Regulators urged to shore up NDA guidance
Professor Richard Moorhead has criticised the Law Society's guidance on the use of non-disclosure agreements describing it as “disappointing” and lacking “ethical leadership”.
Professor Richard Moorhead has criticised the Law Society’s guidance on the use of non-disclosure agreements describing it as “disappointing” and lacking “ethical leadership”.
Moorhead’s remarks were submitted in oral evidence to the House of Commons’ women and equalities committee on 13 March, as part of its inquiry into the use of NDAs in discrimination cases.
Summarising the approach of the regulators Moorhead was least critical of the Solicitors Regulation Authority (SRA).
He said it had “acted quickly to tackle the problems first emerging with NDAs in harassment cases” but that there was room for improvement to their warning note on the matter.
However, he added that guidance from the Law Society was “inadequate” and described the Bar Standards Board’s decision not to publish guidance as “regrettable”.
Describing the Law Society’s practice note, the professor of law and professional ethics at University College London said: “Consideration of the public interest is most politely described as muted.
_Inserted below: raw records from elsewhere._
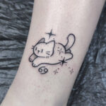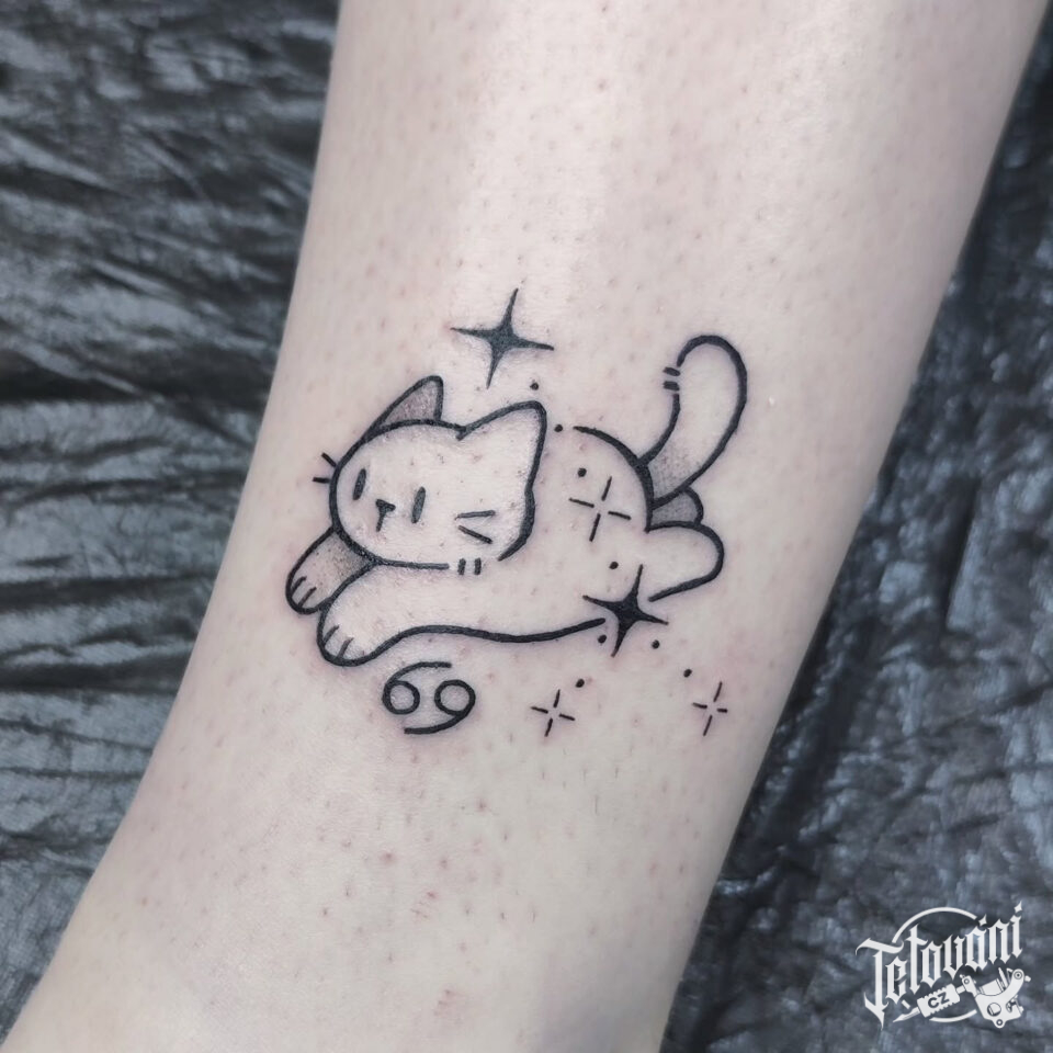 Tetování zvíře, kočka a ryby znamení zvěrokruhu na noze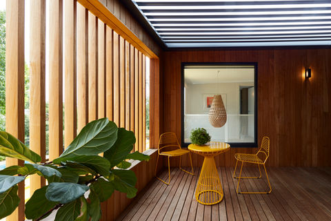 Tucked behind the typical single storey façade of an eastern suburbs’ bungalow is the delightful two storey design of House 108. With extensive external timber cladding, large windows and strong connections to outdoor areas, House 108 feels more like a New Zealand cabin than an inner-city Adelaide house.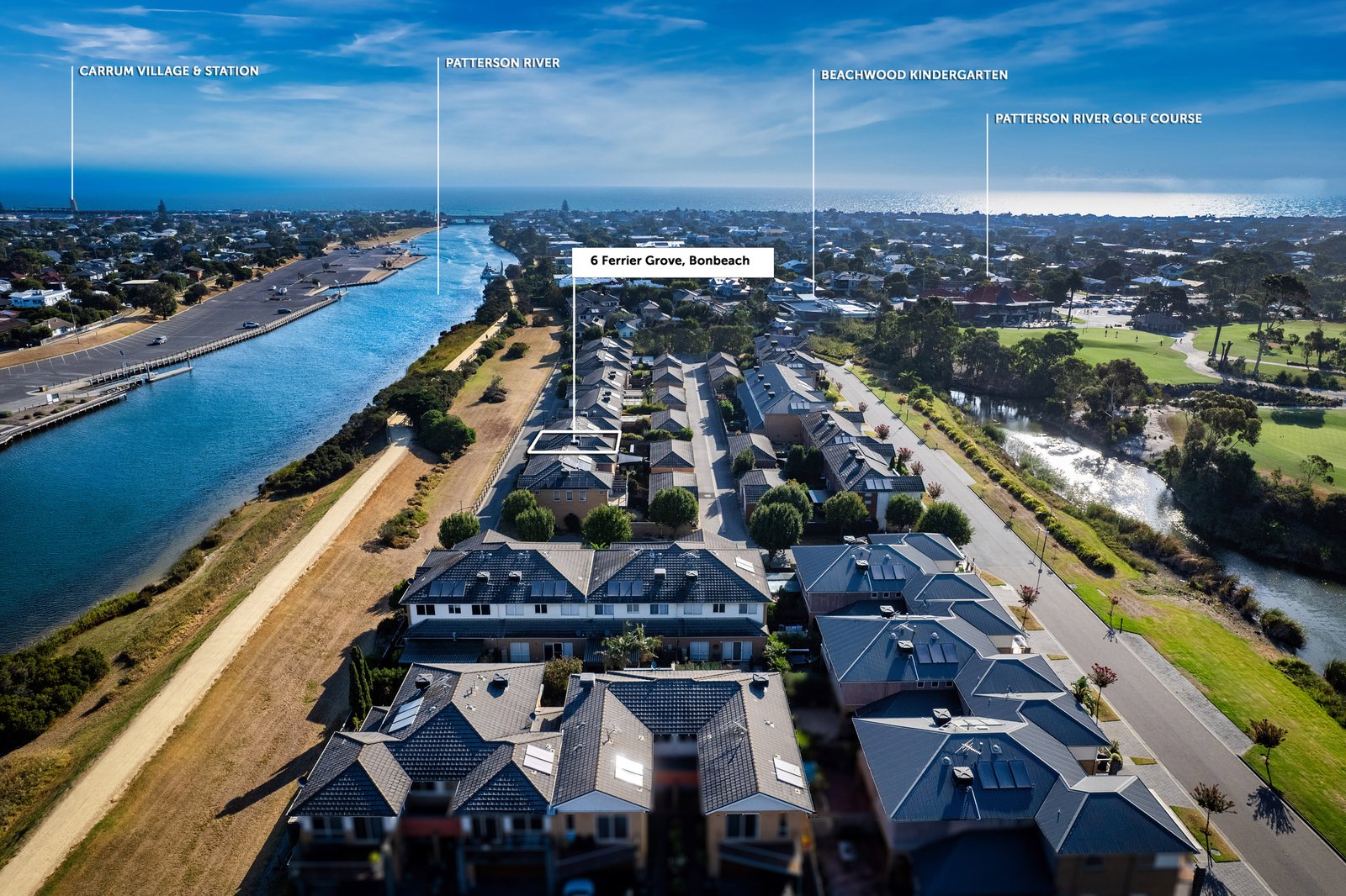 Exceptional space and breathtaking water views unite in this riverfront sanctuary townhouse, offering beautifully refreshed living tucked within a tranquil pocket. Positioned on the banks of the Patterson River, you’ll not only love the quiet appeal of this low-traffic address, but the sweeping uninterrupted vistas across the water and golden sunsets. Plush new carpet flows throughout, along with sleek new timber-style flooring, with a wide staircase leading you to expansive open-plan living and dining infused with natural light through large windows. Here, the upstairs balcony is the perfect spot to entertain guests while watching the boats sail past and kayaks glide by. The modern kitchen will impress with its suite of as-new SMEG appliances, positioned to capture the serene outlooks. Cleverly zoned for peace and privacy, three spacious bedrooms are positioned at ground-level, all with built-in robes, the master bedroom with a double vanity ensuite. The immaculate family bathroom features a separate shower and bath, while an additional guest powder room resides upstairs. Further highlights include ducted heating, evaporative cooling, a large alfresco courtyard and a remote double garage with laneway access. As for the prime position, if you enjoy a round of golf, the country club is just steps around the corner, along with Carrum Village, the station and one of the best beaches along the bay within walking distance. Conveniently close are Bonbeach ELC and Bonbeach Primary School, the Wannarkladdin Wetlands and the Longbeach Trail.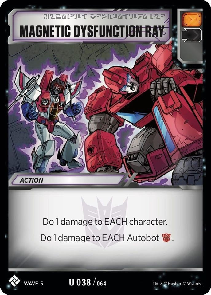 Do 1 damage to EACH character. Do 1 damage to EACH Autobot. |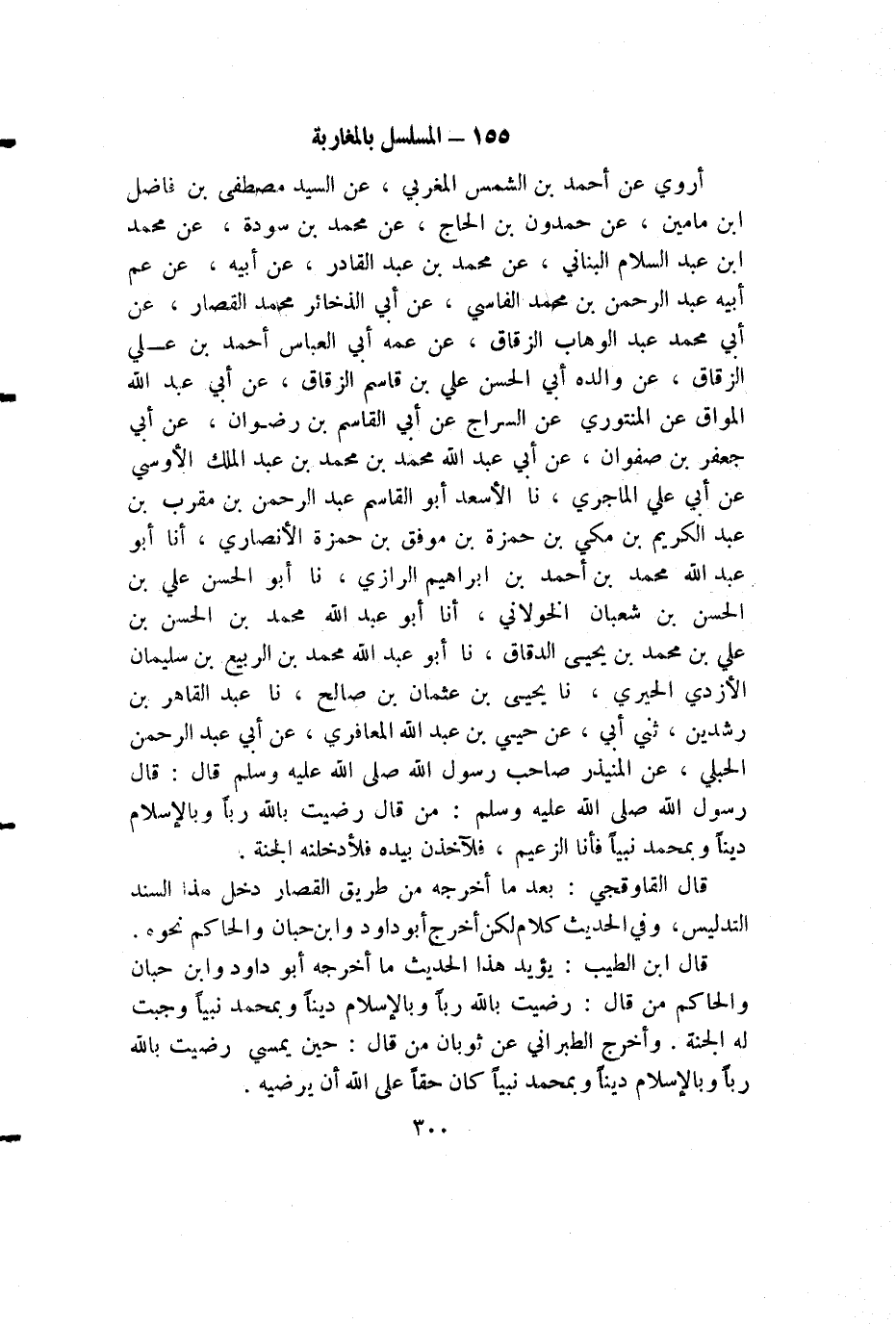 أروي عن أحمد بن الشمس المغربي، عن السيد مصطفى بن فاضل بن مامين، عن حمدون بن الحاج، عن محمد بن سودة، عن محمد بن عبد السلام البناني، عن محمد بن عبد القادر، عن أبيه، عن عم أبيه عبد الرحمن بن محمد الفاسي، عن أبي الذخائر محمد القصار، عن أبي محمد عبد الوهاب الزقاق، عن عمه أبي العباس أحمد بن علي الزقاق، عن والده أبي الحسن علي بن قاسم الزقاق، عن أبي عبد الله المواق عن المنتوري عن السراج عن أبي القاسم بن رضوان، عن أبي جعفر بن صفوان، عن أبي عبد الله محمد بن محمد بن عبد الملك الأوسي عن أبي علي الماجري، نا الأسعد أبو القاسم عبد الرحمن بن مقرب بن عبد الكريم بن مكي بن حمزة بن موفق بن حمزة الأنصاري، أنا أبو عبد الله محمد بن أحمد بن إبراهيم الرازي، نا أبو الحسن علي بن الحسن بن شعبان الخولاني، أنا أبو عبد الله محمد بن الحسن بن علي بن محمد بن يحيى الدقاق، نا أبو عبد الله محمد بن الربيع بن سليمان الأزدي الحيري، نا يحيى بن عثمان بن صالح، نا عبد القاهر بن رشدين، ثني أبي، عن حيي بن عبد الله المعافري، عن أبي عبد الرحمن الحبلي، عن المنيذر صاحب رسول الله صلى الله عليه وسلم قال: قال رسول الله صلى الله عليه وسلم: من قال رضيت بالله ربا وبالإسلام دينا وبمحمد نبيا فأنا الزعيم، فلآخذن بيده فلأدخلنه الجنة.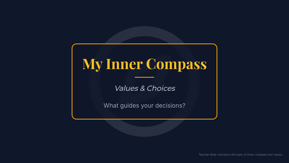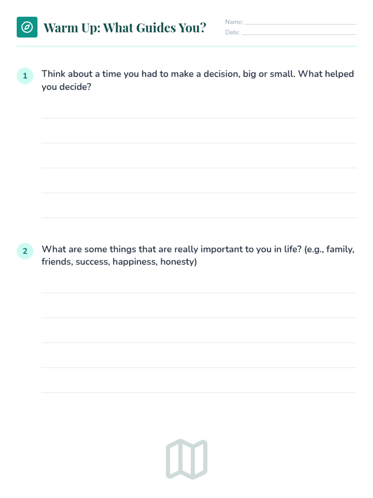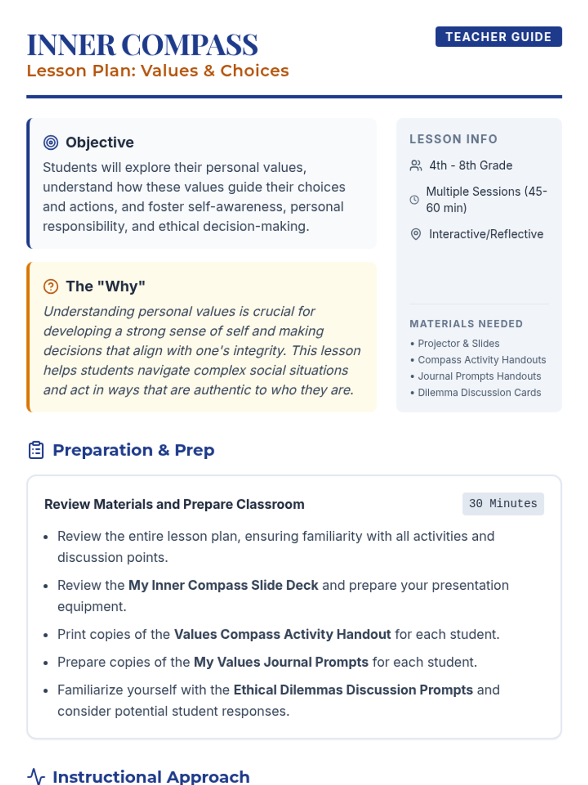 A multi-session series for middle school students to explore personal values and how they act as an 'inner compass' for ethical decision-making.
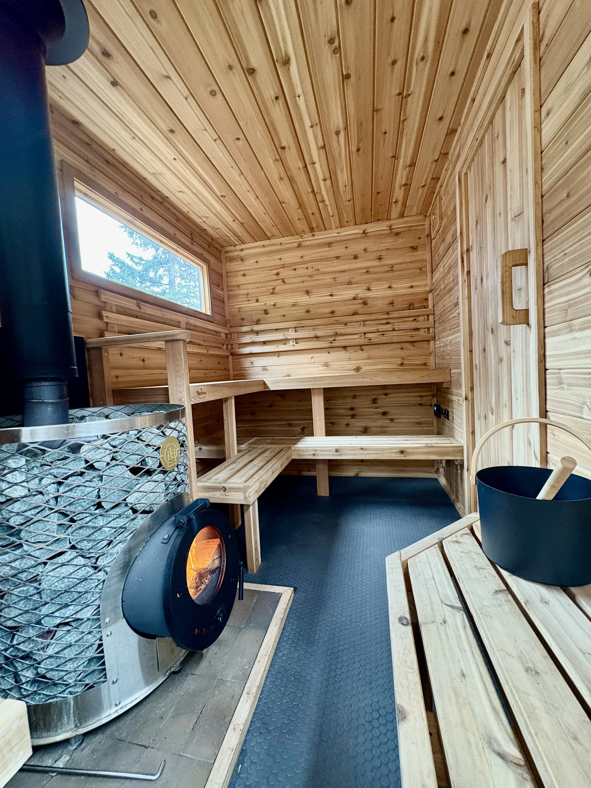 Our beautifully crafted 20 ft Γ 9 ft cedar sanctuary, fueled by a Finnish wood-fired stove, creates space to slow down, reconnect, and restore where forest meets shoreline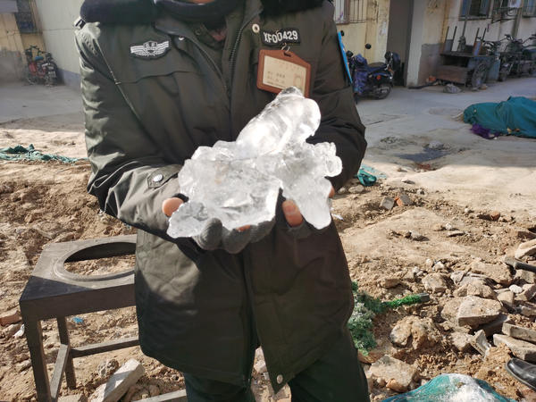 1月6日上午9时10分,金水区未来路巡防队员司广红、侯晏君、芦龙等人巡逻到顺河路5号院时,发现16号楼对面幼儿园教室的外墙上,悬挂着一串串冰挂,有的冰挂长达2米,且正方尖利无比,如同一把把利剑垂向地面。队员经过仔细查看,发现是一根临时架设在墙体上的自来水管道被冻裂后,流了的水在夜间极低的气温中,形成了一根根冰挂。
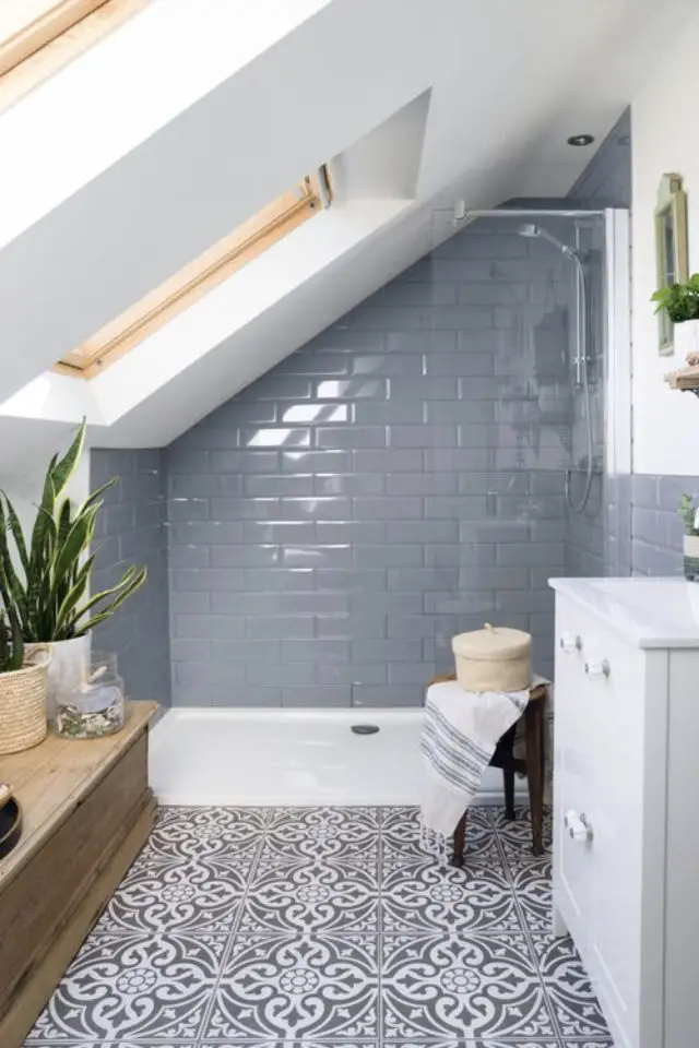 J'ai l'impression que cela fait longtemps que je ne vous ai pas parlé des combles et de leurs aménagements. J'ai déjà traité le sujet en long, en large et en travers sur le blog. D'ailleurs, tous les articles dédiés à l'aménagement des combles sont ici. Mais je n'ai jamais réellement consacré un article autour de la salle de bain dans les combles. En général, la chambre ou les pièces de vie sont favorisées quand il s'agit d'aménager l'espace sous le toit. Néanmoins, il est tout à fait possible d'y installer aussi une cuisine ou une salle de bain. Cela demande "juste" plus de travaux notamment pour les arrivées et les évacuations d'eau. Souvent sous la toiture, la salle de bain est un espace plus long que large mais cette étroitesse n'est pas un frein au confort. On peut très bien installer une douche ou une baignoire. Il faut juste bien prévoir son coup pour avoir suffisamment d'espace et ne pas se cogner dans la pente du toit. Niveau déco, la chose primordiale à mes yeux est de veiller à ce qu'il y ait suffisamment de lumière, quitte à ajouter une fenêtre de toit pour que ce soit plus agréable. Pour les revêtements, pas de contraintes spécifiques... Même dans une petite salle de bain, il est possible de créer un endroit qui vous ressemble!

Whilst it reminds solicitors of the SRA’s warning notice, it also runs the risk of diluting or confusing the messages in the SRA’s notice.
“It is a sign of what can be expected if calls for ‘the profession’ to be allowed to deal with this problem on their own are accepted: they are likely to put a particular view of the profession’s interest before the interests of the public.”
He stopped short of calling for a ban on NDAs, arguing that “any ban is likely to lead to avoidance behaviour whereby lawyers seek to work-round bans for their client”.
However, he suggested that regulators take steps to mitigate the risk of NDAs perverting the course of justice, including lawyers being under an obligation to “draft disclosure restrictions as narrowly as possible” and creating “standard NDA clauses, and explanations of rights under the agreement”.
His suggestions revolved around limiting the risk of lawyers “drafting opaque clauses” in a bid to cover all bases if a future claim were to arise.
“I am confident from my discussions with employment lawyers that this kind of obfuscation is a reasonably common practice designed to strengthen the hand of employers and accused executives benefiting from such agreements”, he added.
In oral evidence to the committee earlier in the month, Moorhead described the Law Society’s guidance as “one-sided” and “weak” and said they should “withdraw it” or “certainly revisit it”.
He also said: “not enough lawyers understand they have to balance the public interest in the administration of justice and the protection of the rule of law, with their clients’ best interests”.
He said lawyers had a tendency to put the best interests if their clients first and, in doing so, were liable to draw up clauses that “improperly stifle the revealing of misconduct by employers and organisations”.